Florida statute 440.11 precludes workers injured on the job from recovering damages from the employer at law or in admiralty on account of such injury or death. Damages at law or in admiralty include non-economic damages such as pain and suffering. It is a common law remedy. Damages for pain and suffering are not available under Florida’s workers’ compensation system. Basically, workers’ compensation benefits are limited to medical and indemnity. Statute 440.10 extends the 440.11 immunity to contractors and subcontractors on the same project who are not the injured worker’s actual employer. They are considered statutory employers.
It is every personal injury lawyer’s job to maximize his or her client’s recovery. In most workplace accidents, the injured worker is limited to workers’ compensation benefits, leaving the personal injury lawyer without a role. (Our law firm handles both personal injury and workers’ compensation cases.) This is not only because of 440.10 and 440.11. In many instances, there is nobody to blame for the accident other than the employee.
Are there exceptions to 440.10 and 440.11? Yes. To succeed against the actual employer, the employee must demonstrate that the employer’s conduct rose to the level of intentional conduct substantially certain to result in injury. To make good on a case against a 440.10 entity, the employee must demonstrate the following:
1) circumstances constituting an imminent or clear and present danger amounting to a more than normal or usual peril, 2) knowledge or awareness of the imminent danger on the part of the tortfeasor, and 3) an act or omission that evinces a conscious disregard of the consequences. Kline v. Rubio, 652 So. 2d 964, 965-66 (Fla. 3d DCA 1995).

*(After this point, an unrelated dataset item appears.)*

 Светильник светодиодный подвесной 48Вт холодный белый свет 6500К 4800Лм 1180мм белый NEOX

Under certain circumstances, an employee may pursue these common law remedies after receiving workers’ compensation benefits. At least one case, Vellejos v. Lan Cargo SA, appears to have allowed the pursuit after the workers’ compensation case was settled and a broad release was signed. (Vellejos, the injured worker, sued a subcontractor alleging gross negligence. The appellate court said he had the right to do so, but upheld the trial court’s summary judgment dismissal on the basis that, as a matter of law, no reasonable jury to conclude that the facts constituted gross negligence. The opinion is confusing and has not been cited as authority by any other appellate courts.)

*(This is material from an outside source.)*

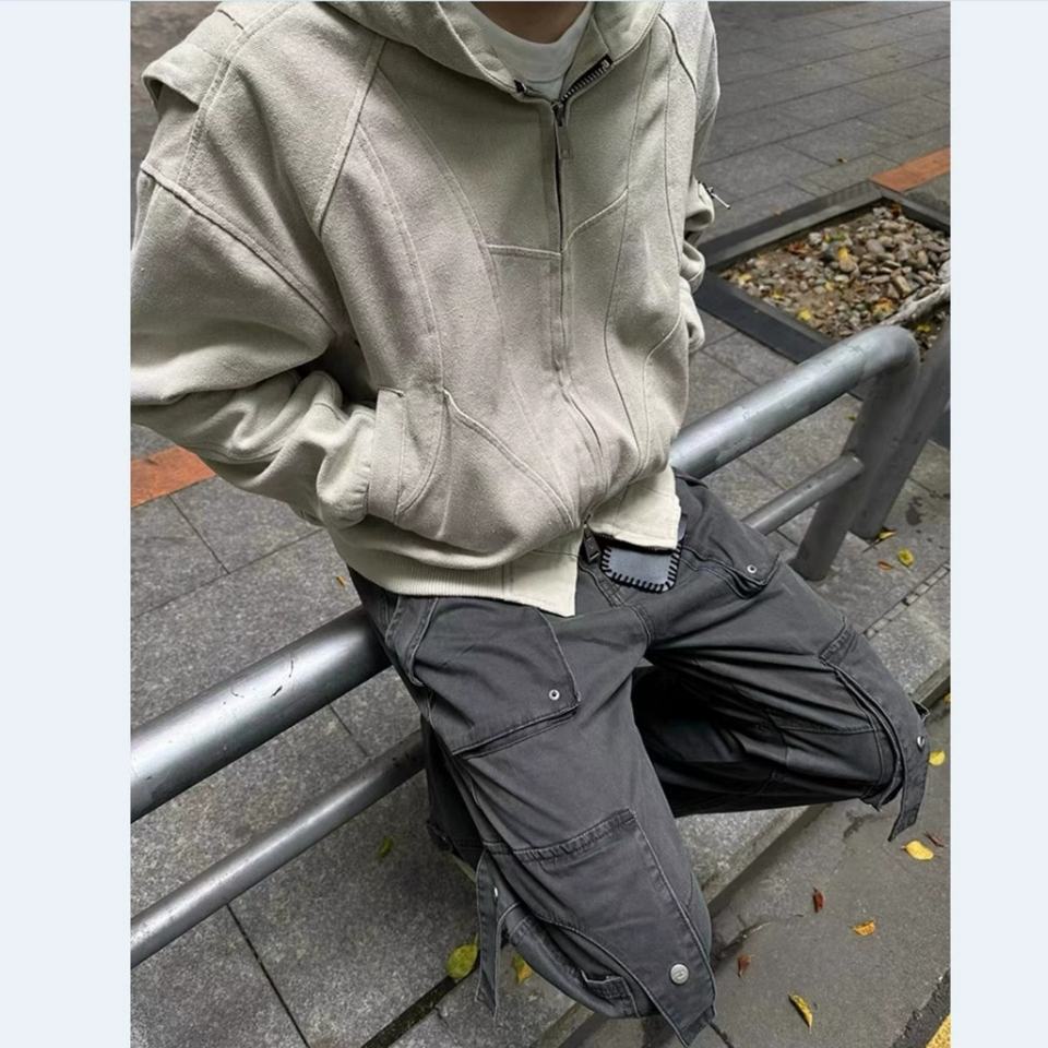 Veste en toile à fermeture éclair pour homme, style tendance de rue, longue et ample, automne

A person injured while working has the right to elect between two different remedies — workers’ compensation and common law — for compensation. “However … the point upon which a worker’s action with regard to a compensation claim constitutes an election of the workers’ compensation remedy to the exclusion of a civil action is not entirely clear.” Jones v. Martin Electronics, Inc., 932 So. 2d 1100, 1105 (Fla. 2006). Florida courts have clearly stated that the “[m]ere acceptance of some compensation benefits . . . is not enough to constitute an election” of remedies. Velez v. Oxford Dev. Co., 457 So.2d 1388, 1390 (Fla. 3d DCA 1984) (quoting Whitney-Fidalgo Seafoods, Inc. v. Beukers, 554 P.2d 250, 254 (Alaska 1976)); see also Wheeled Coach Indus., Inc. v. Annulis, 852 So.2d 430, 432 (Fla. 5th DCA 2003); Hernandez v. United Contractors Corp., 766 So.2d 1249, 1252 (Fla. 3d DCA 2000); Lowry v. Logan, 650 So.2d 653, 657 (Fla. 1st DCA 1995); Wishart v. Laidlaw Tree Serv., Inc., 573 So.2d 183, 184 (Fla. 2d DCA 1991).

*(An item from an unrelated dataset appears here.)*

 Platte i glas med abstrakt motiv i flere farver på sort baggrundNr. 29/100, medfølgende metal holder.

There are also the cases where, because the compensability of the claim or the status of the employee at the time of the injury was contested, an election was not made: Vasquez v. Sorrells Grove Care, Inc., 962 So. 2d 411, 415 (Fla. 2d DCA 2007) (noting that the carrier contested the compensability of the claim and whether Vasquez was an employee); Hernandez v. United Contractors Corp., 766 So. 2d 1249, 1252 (Fla. 3d DCA 2000) (holding that because the carrier contested the compensability of the claim and took the position that there was no evidence that the accident arose out of and in the course and scope of Hernadez’s employment, there was no conclusion on the merits); Lowry v. Logan, 650 So. 2d 653, 658 (Fla. 1st DCA 1995) (“there remain disputed issues of fact concerning whether Lowry is an [sic] covered employee or an independent contractor and whether he was injured in the course and scope of his employment”); Wright v. Douglas N. Higgins, Inc., 617 So. 2d 460, 461-62 (Fla. 3d DCA 1993) (reversing summary judgment because there was no determination that plaintiff was an employee in the workers’ compensation case); Wishart v. Laidlaw Tree Serv., Inc., 573 So. 2d 183, 184 (Fla. 2d DCA 1991) (“The critical issue of fact which must be determined by the trial judge is whether the employee was injured in the course and scope of his employment.”); Velez v. Oxford Dev. Co., 457 So. 2d 1388, 1391 (Fla. 3d DCA 1984) (reversing summary judgment because there was no determination that plaintiff was an employee in the workers’ compensation case).